After ‘Braveheart’ had been seen and believed in Scotland, the whole relationship was disrupted, with surveys showing that the Scots now believe the English were as perfidious as Gibson had portrayed them. This was when the demand for independence gained the traction which is now pulling the Union apart.

Similarly and sinisterly now, some surveys have shown that more than fifty per cent of watchers in England alone, believe and disapprove of the Netflix fictional and derogatory version of how the Royal family live their lives – with pettiness, arrogance, and mean-spiritedness.

 The Crown series is undermining the respect, regard, affection and approval of the people on whose support the monarchy depends. While Prince Harry and his wife have recently demeaned the dignity of their family, The Crown is successfully and regrettably doing the same thing, with potentially more damaging effects.

Historians may mark the decline and gradual fall of this thousand- year old unifying institution from this moment in time – when a disastrous and destructive work of fiction was delivered into the homes of many people who believe it must be fact. The ethics of blackening people’s characters and inventing questionable behaviour when they are alive and in no position to defend themselves is another matter.

So sadly, this trivial and dishonest Netflix money spinner seems to be yet another nail in the coffin of respect for the past, and for the rituals that bind a community and a country.
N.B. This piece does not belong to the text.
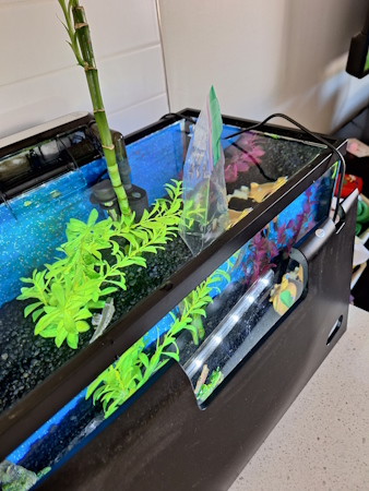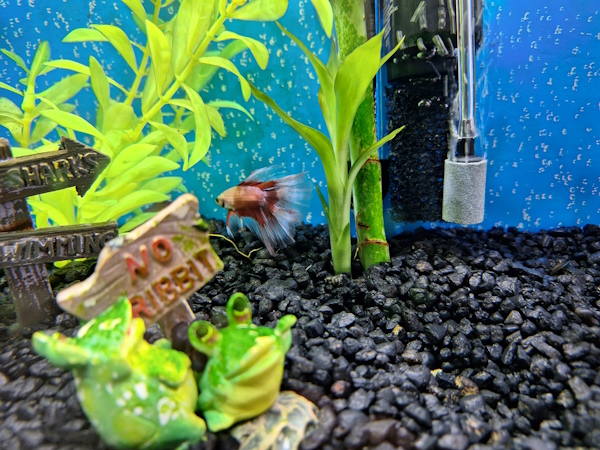 This is the new Beta fish who moved into the aquarium a few days ago. His name is Major Payne, like in the movie.

It is loosening the safeguards against politics, money and power becoming the dominant force in the nation.

 The mayhem the world is watching in the dis- United States of America is a reminder that the monarchy may be a hereditary and imperfect institution, but it also provides stability, and still has a function to play, and services to perform in one of the world’s oldest democracies. Constitutional monarchs can’t interfere in politics, but do perform the duties of a head of state who is above lobbying, campaigning, or manipulating power. So yes, it seems logical to end with ‘Long live the Queen!’

Food for threadbare gourmets

As ‘sumer is icumen in’, in the words of the 13th century English song, I have a glut of tomatoes. I played around with the thought of the big beefsteak tomatoes I ate in France as a child, stuffed with real golden mayonnaise – a true taste of summer.’

So I cut a sliver off the bottoms of my smaller tomatoes so they would sit properly on the plate, and hollowed out the insides, keeping the tops and seeds to use elsewhere.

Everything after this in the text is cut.